Updating Configuration

You can modify a Connector’s configuration without deleting and re-registering it.

# Update Connector config: PUT overwrites the entire config
curl -X PUT http://localhost:8083/connectors/article-cdc-source/config \
  -H "Content-Type: application/json" \
  -d '{
    "connector.class": "io.debezium.connector.mysql.MySqlConnector",
    "database.hostname": "mysql-host",
    "database.port": "3306",
    "database.user": "debezium",
    "database.password": "new_password",
    "database.server.id": "100",
    "topic.prefix": "article",
    "table.include.list": "news.articles,news.article_tags"
  }'

The Connector restarts automatically after a config update. This is particularly useful for expanding pipeline scope on the fly, such as adding tables to table.include.list.

Pause and Resume

Use these when you need to temporarily halt a pipeline during a deployment or maintenance window.

# Pause: Tasks stop, but the Connector config is preserved
curl -X PUT http://localhost:8083/connectors/article-cdc-source/pause

# Resume: Processing picks up from where it left off
curl -X PUT http://localhost:8083/connectors/article-cdc-source/resume

Pausing differs from deleting a Connector. Offset information is preserved, so resuming picks up exactly where it stopped. This is a safe way to freeze the pipeline when you need to perform work on the sink side, such as a DB migration or an Elasticsearch index rebuild.

Deletion

Remove a Connector that is no longer needed with a DELETE request.

curl -X DELETE http://localhost:8083/connectors/article-cdc-source

Deleting a Connector also terminates its associated Tasks and removes its configuration from the internal Kafka topics. Note that offset information remains in the connect-offsets topic. If you re-register a Connector with the same name, it resumes from the last committed offset.

Listing Installed Plugins

You can check which Connector plugins are installed on a Worker.
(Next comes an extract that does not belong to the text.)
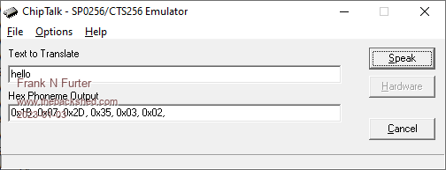 @scruss: It looks like the WAV were just hardcoded into "allophones.c". I don't think this does anything - except that it ALWAYS takes up space... It would be more interesting to emulate the CTS256 - then you wouldn't have to search for the matching phonemes every time... @Martin H.: Yes, you need the files from the linked ZIP. It was not my idea - ChipTalk (from the above link) works in the same way. Frank |

curl http://localhost:8083/connector-plugins
[
  { "class": "io.debezium.connector.mysql.MySqlConnector", "type": "source" },
  { "class": "io.confluent.connect.elasticsearch.ElasticsearchSinkConnector", "type": "sink" },
  { "class": "org.apache.kafka.connect.file.FileStreamSourceConnector", "type": "source" }
]

It is good practice to verify that the required plugin is installed on the Worker before registering a new Connector.

Endpoint Summary

Method Path Purpose
GET /connectors List all Connectors
POST /connectors Register a Connector
GET /connectors/{name}/status Check status
PUT /connectors/{name}/config Update configuration
PUT /connectors/{name}/pause Pause
PUT /connectors/{name}/resume Resume
POST /connectors/{name}/restart Restart
POST /connectors/{name}/tasks/{id}/restart Restart a specific Task
DELETE /connectors/{name} Delete
GET /connector-plugins List installed plugins


Monitoring: What to Watch

Kafka Connect exposes metrics through JMX (Java Management Extensions). The standard approach is to collect them with a stack like Prometheus + Grafana and build dashboards.
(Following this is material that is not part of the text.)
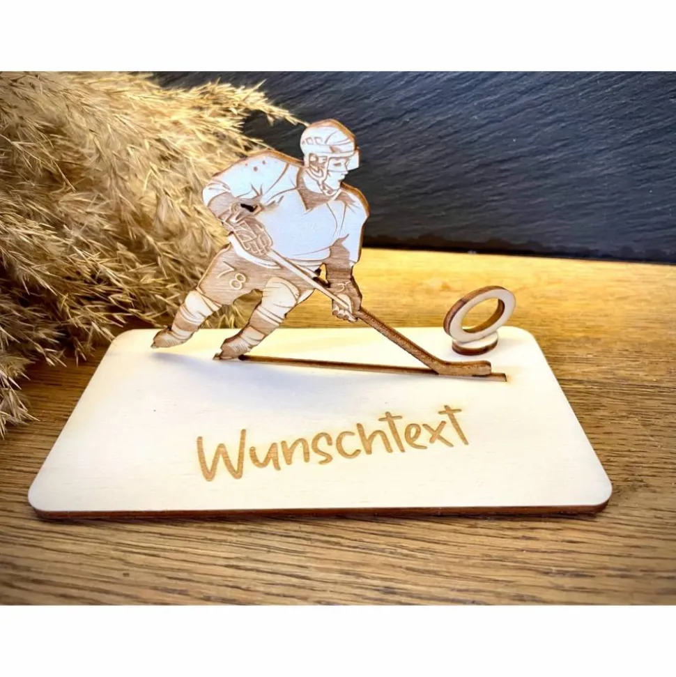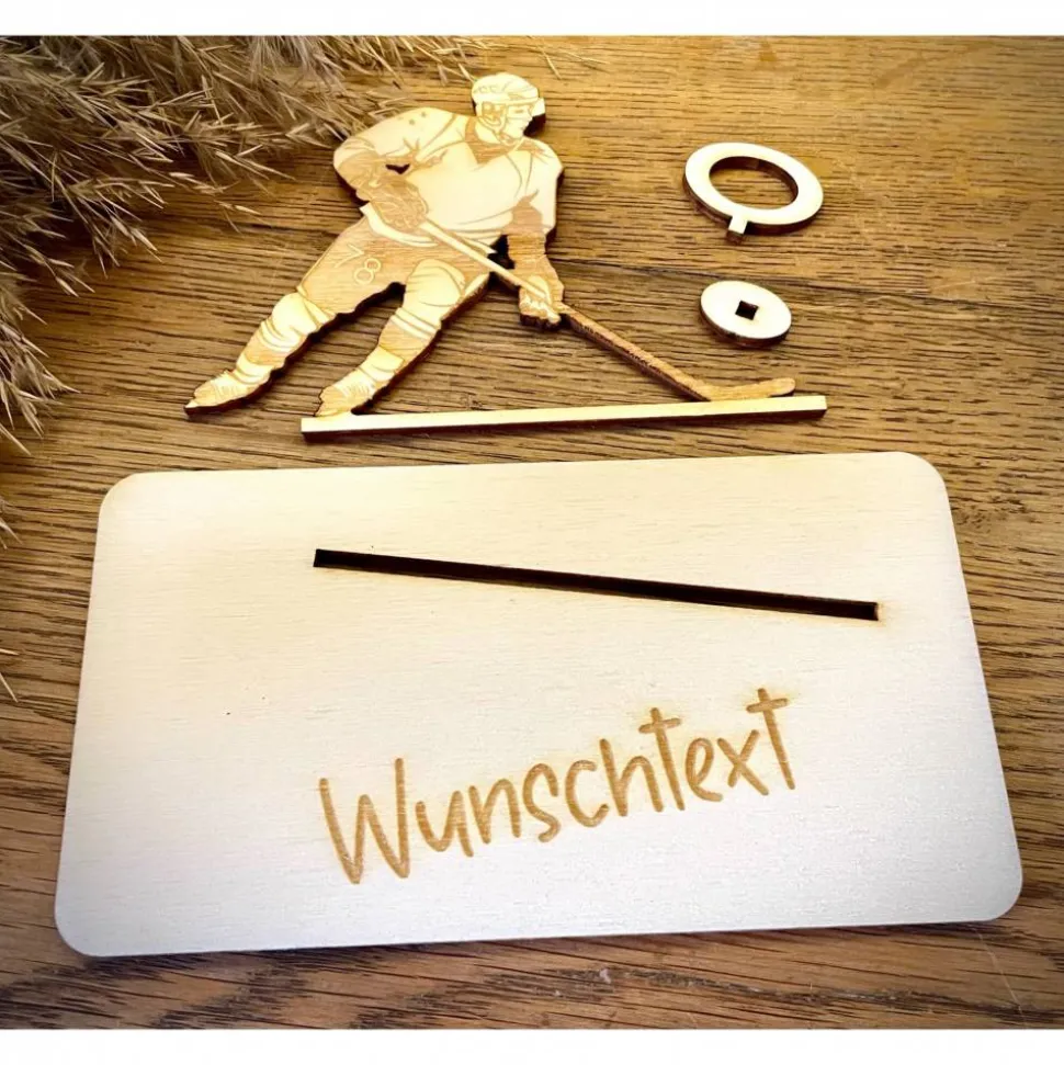 Für alle Eishockeyfans! Dieses aus Holz gefertigte Geschenk mit Eishockeyspieler ist eine originelle Möglichkeit, einen Geldschein zu verschenken. Perfekt für sportliche Anlässe oder kleine Überraschungen zwischendurch. Mit Liebe zum Detail gestaltet, bringt es die Leidenschaft fürs Spiel auf charmante Weise zum Ausdruck.

Key Source Connector Metrics

Metric Meaning Warning Signal
source-record-poll-rate Records polled per second A sudden drop to 0 suggests a source connection failure
source-record-write-rate Records written to Kafka per second A large gap from poll-rate indicates a bottleneck
poll-batch-avg-time-ms Average time per poll batch A sustained increase points to source DB load

Key Sink Connector Metrics

Metric Meaning Warning Signal
sink-record-read-rate Records read from Kafka per second 0 suggests a consumer-side issue
sink-record-send-rate Records written to the sink system per second A large gap from read-rate indicates a sink bottleneck
offset-commit-failure-percentage Offset commit failure rate Any non-zero value requires immediate investigation

To enable JMX, set the environment variable when starting the Kafka Connect Worker.
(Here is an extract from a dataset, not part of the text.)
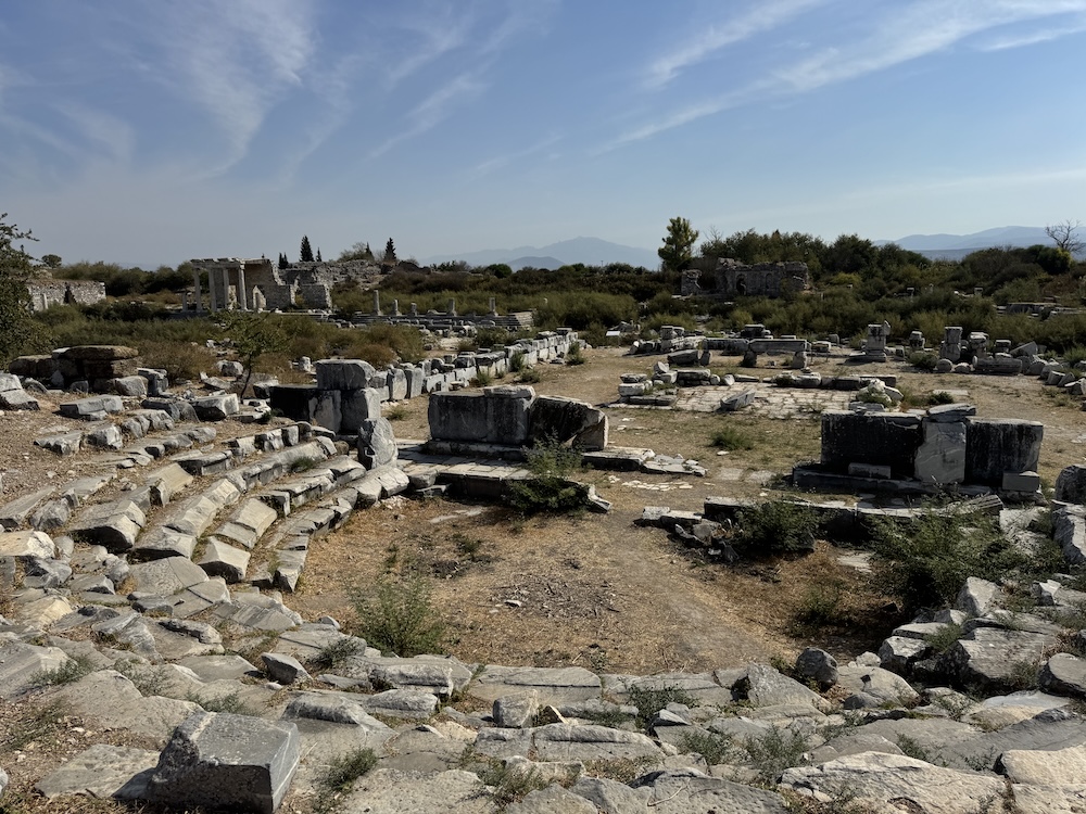 I spent the following day filming at Miletus and Didyma. I had never seen Miletus so dry. Somehow, the lack of water made the site even more mournful, the ruins protruding forlornly from cracked mud flats. Heat radiated from half-buried marble blocks, and the distant shape of Latmos presided over a waste of dead grass and leafless trees.

# Open JMX on port 9999 to expose metrics
export KAFKA_JMX_OPTS="-Dcom.sun.management.jmxremote.port=9999 \
  -Dcom.sun.management.jmxremote.authenticate=false \
  -Dcom.sun.management.jmxremote.ssl=false"

Opening JMX without authentication poses a security risk. In production, either enable authentication or restrict access to an internal network.


Isolating Errors with Dead Letter Topics

When a Sink Connector fails to process a message, the default behavior is to halt the entire Task (the default value of errors.tolerance is none). A single malformed message brings the whole pipeline to a stop.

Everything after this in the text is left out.